Pausing here for a note on the heroine and her condition. The story did such an unbelievable job drawing me in with regard to the challenges Heather faced with her body’s depletion. Not only did I feel the heroine’s pain, I lived it throughout the story. A tremendous feat, I think, on bringing to light the issues of rheumatoid arthritis and anything similarly debilitating, especially in such a young woman. It was heart wrenching and it added a much-appreciated level to Heather’s character, to the story, and to the couple’s triumph at the HEA.
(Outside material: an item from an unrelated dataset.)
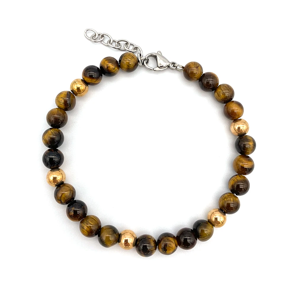 Браслет Runda мужской из бисера, камень тигровый глаз, 17 + 5 см19 + 3 см, нержавеющая сталь 316L, ювелирные изделия ручной работы, Новинка

Anyway, nothing can stop Heather Finley’s plan to achieve her goal: not her sister’s wedding or the business she shared with Erin, not the pull of the young music students she hates to let down, not the memory of her late father—nor the mayoral legacy and potential conspiracy he’d left behind…and not the young and delicious mayor of Heartache, Zach Chance because…

“The sooner she left, the better. Zach Chance could remain safely in her fantasies and well out of her life.”

Ahh, Zach Chance, supreme hottie, business man by night, mayor of Heartache TN by day, and…total procrastinator. The man hadn’t made his move on Heather during his decade-long thing for her. This detail was probably the only thing that felt a bit off for me, because, as the story went on and the characters developed, our hot-as-hell hero—a go-getting, hard-working, ultra-intelligent and confident man (my favorite kind of hero!)—would so have made his move on Heather, despite the life-crap he’d dealt with* in the past and his stints away from their small town.

But no big thing; I gladly got past it. Bottom line, he hadn’t snagged Heather and now only had a day and half to stop her and then court her.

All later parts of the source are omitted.